When I was a child time could not pass fast enough. I wanted to be big, be an adult. Go to college, get a job, discover the World in my own pace.
When I got older, time suddenly started to pass rapidly, frightening me with its speed – it’s like I’ve given it a whirl so powerful it won’t stop passing anymore!
The passage of time used to make me feel like I gained a lot by it, whereas today it feels like it equals loss.
Loss of friends. Loss of childhood dreams. Loss of loved ones.
Sometimes I yearn for a time machine so badly, my chest hurts.
This week, I played online Cluedo for the first time since my friend died. I mean, really played it. Not half-heartedly starting up a game and barely finishing it. The real-deal.
I even picked his favourite character to be used by my AI opponent – so I could kick his non-existing butt in the same manner I used to do my real-existing friend’s.
It felt like a sad milestone. It’s like he’s here, but he’s not. Made me miss him more.
Then there is my business – the next thing high on my Action List (don’t call it a To Do List, you’ll never work through it!). I’ve spent well over a year now without any clients and it infrustrates me (that’s infuriating + frustration combined for you).
But.
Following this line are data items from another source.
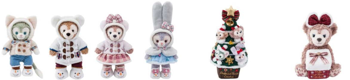
코스튬 세트 각 4,900 엔 ※봉제인형(S) 별도 판매.
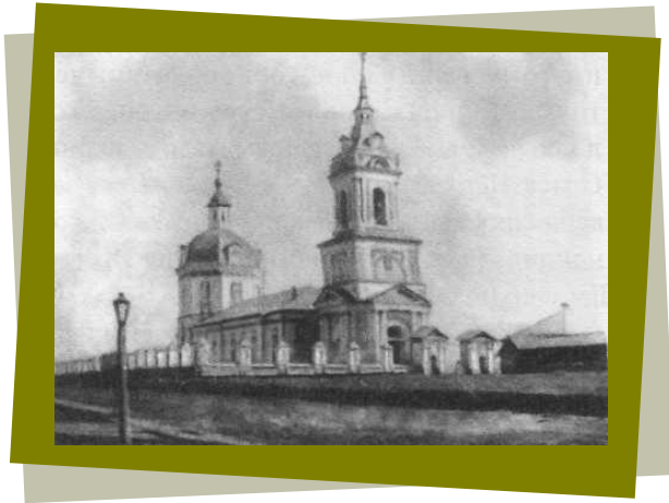
Спасская церковь (1811 – 1932 г.г.)
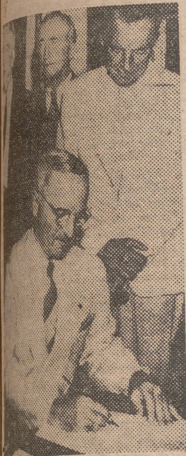
Truman firma el préstamo de 5.750 millones de dólares a Inglaterra. La fotografía muestra a Truman firmando el documento en la Casa Blanca, en presencia del secretario de Estado, Bynnes, y el embajador de Inglaterra, lord Averchapel.
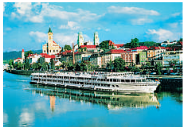
Sakte reise: Cruisebåt, med byen Passau i bakgrunnen.
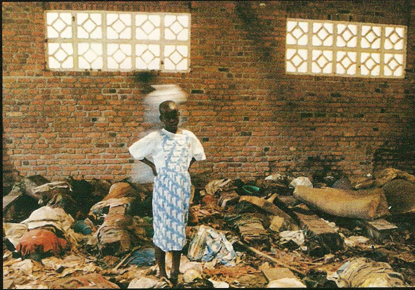
Fuyant les milices hutues, dix-huit mille Tutsis s'étaient réfugiés dans cette église de Kigali, espérant ainsi échapper au massacre. Ils n'imaginaient pas que certains prêtres avaient fait alliance avec leurs bourreaux.
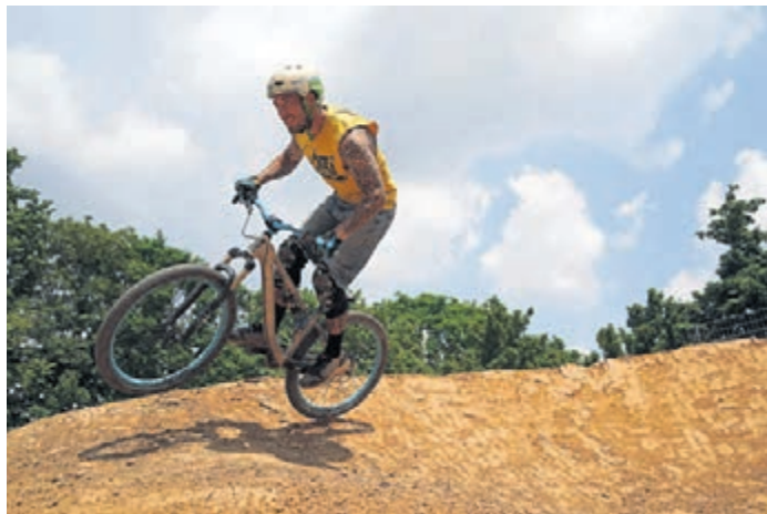
Am Dienstag, dem zweiten Ferientag, startet offiziell die Saison auf der Dirtbikestrecke. Dazu lädt die Jugendförderung ab 14 Uhr auf das Gelände ein.

Griesheim (red). Die Jugendförderung der Stadt Griesheim hat für Kinder und Jugendliche, die in den Osterferien nicht in den Urlaub fahren oder zu Hause Langeweile haben, wieder ein actionreiches Programm auf die Beine gestellt. In der ersten Woche steht am Dienstag, 26. März, der Saisonbeginn auf der Dirtbikestrecke an. Los geht es um 14 Uhr, kleine Snacks und Getränke zur Stärkung werden vor Ort und in der Grillhütte Süd angeboten. Mit Einbruch der Dunkelheit wird die Veranstaltung spätestens um 20 Uhr beendet. Da die „Blue Box“ an diesem Tag geschlossen sein wird, finden für alle Interessierten ab der 4. Klasse bis 14 Jahre ein Ausflug in den Zoo Viarvarium Darmstadt vorgesehen. Die Anmeldung hierfür erfolgt über griesheim-
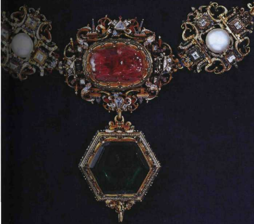
Prunkkette Gold geschmelzt, mit Smaragden, Spinellen, Diamanten und Perlen. Gefertigt gegen 1575 in München. Länge 111 cm. Etwa natürliche Größe. Schatzkammer der Residenz, München.
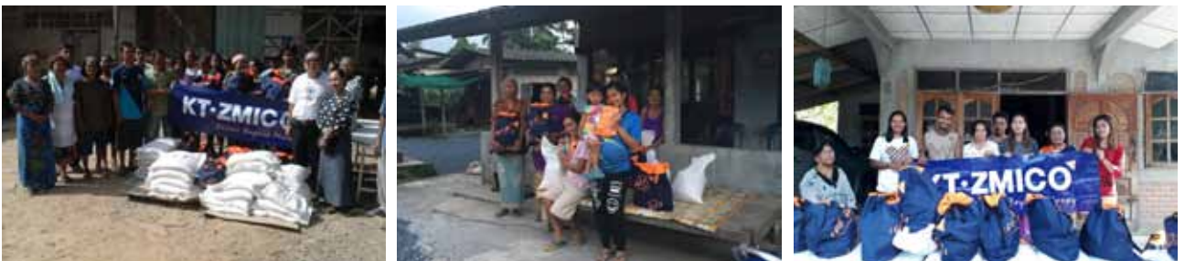
มอบถุงยังชีพให้ผู้ประสบอุทกภัย ในพื้นที่อำเภอชะอวด อำเภอทุ่งสง อำเภอเชียรใหญ่ จังหวัดนครศรีธรรมราช ในเดือนมกราคม 2560

ในปี 2560 เกิดเหตุอุทกภัยในพื้นที่จังหวัดภาคใต้หลายจังหวัด มีประชาชนที่ได้รับความเดือดร้อนเป็นจำนวนมาก บริษัทฯ ได้มอบเงินบริจาคให้กับมูลนิธิอาสาเพื่อนพึ่ง (ภาฯ) ยามยาก สภากาชาดไทย เพื่อให้มูลนิธิฯ นำไปจัดทำถุงยังชีพมอบแก่ผู้ประสบอุทกภัย และเพื่อช่วยเหลือในด้านต่างๆ นอกจากนี้ บริษัทฯ ได้มอบถุงยังชีพเพื่อช่วยเหลือประชาชนผู้เดือดร้อนจากเหตุอุทกภัย ในพื้นที่อำเภอชะอวด อำเภอทุ่งสง อำเภอเชียรใหญ่ จังหวัดนครศรีธรรมราช
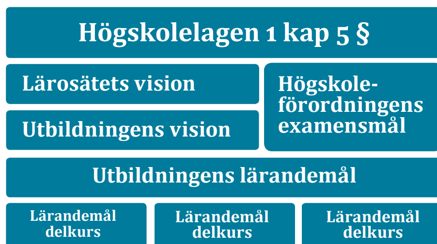
Figur 1. Högskolelagen och lärandemålen

Enligt högskolelagen 1 kap 5 § bör lärosätena i sin verksamhet "främja förståelsen för andra länder och för internationella förhållanden". 17 Det är upp till varje lärosäte att definiera vad detta innebär för respektive utbildning. Innehållet i utbildningarna beskrivs i lärandemål som bygger på examensmålen såsom de är preciserade i examensordningen i bilagan till högskoleförordningen. För det enskilda lärosätet ligger det därför närmast till hands att tydliggöra internationella och interkulturella aspekter i utbildningens lärandemål. Det kan ses som en kedja där högskolelagen 1 kap 5 § i idealläget avspeglas i lärosätets och utbildningarnas (internationella) vision, vilka i sin tur påverkar utbildningens lärandemål.
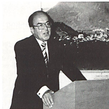
Bundesrat Dr. Kurt Furgler, Vorsteher des Eidg. Volkswirtschaftsdepartementes
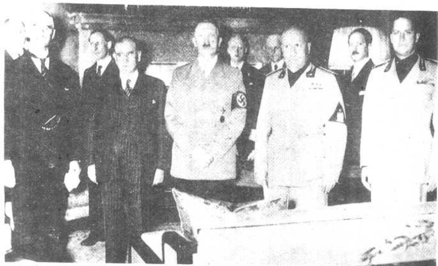
希特勒与墨索里尼(左三、四)，在慕尼黑与英国首相张伯伦(左)及法国总理达拉第举行会议。
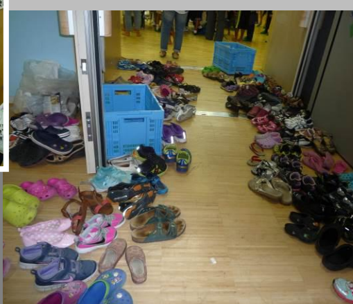
下足箱に入らない履き物
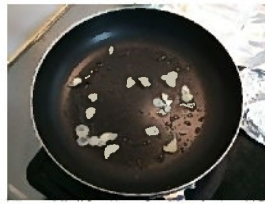
ニンニクを炒めて香りを出します

肉を焼くときに便利なのがこちらのアイテム「ミートプレス」。例えばチキンステーキ(チキンソテー)を作る際使えば、あの「ぱりぱりチキン」が簡単に作れます。仕組みは簡単です。重量が1Kg以上あるミートプレスが鶏肉を押さえつけることでフライパンに密着し皮目がしっかりと焼き上げられます。普通に焼いたのでは鶏肉は凸凹しているので焼きムラができてしまいます。全体がぱりぱりになりません。でもなくても全然困りません。ネットで調べればわかりますが、キッチンシートやアルミホイルを敷いて上から水を入れた鍋やかんを置くという方法で代用できるそうです。
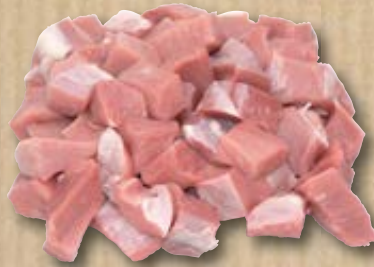
BOERGONDIE veau sous la mère stoofvlees ± 2,5kg | 36.908.09
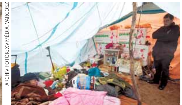
Szociális munkás egyik gondozottjakkal

I don’t have enough time to invest in my business, between being at work, in love, finding a place to live, and taking care of my parents.
Time – see? Not enough of it.


Max Frisch
“Time does not change us. It just unfold us.”

And then there are my parents. I see them grow older every day. They turn me into a live witness of what becoming less able can look like.
I wish for more time with them. Happy, healthy, worry-free time.
My dad recently had a scary moment; we had family over for dinner and I was ordering pizza’s for everyone, except for him. He doesn’t eat pizza.
Usually, we get him something else, no problem. This time, he cried because he thought we were forgetting about him.
As time passes, it’s harder to look at my parents and not feel overwhelmed with sadness or grief; even though they’re still here, they’re moving away from me. To a place I can’t reach.
Their time is running out and I am trying to fool myself into ignorance.
I wish I could go back to the days when I was a child. When Summer was still Summer. When my dad never cried and my mom was never sick.
Those days felt like they’d last forever.
Would I have appreciated them more if I had known the future?
Maybe. Probably not.
Perhaps not all changes time reveals are bad, for I am now more grateful for every day I am given.
But you know, time… you could still slow down. Even just for a bit.
I wouldn’t mind it too much if we’d get a little extra.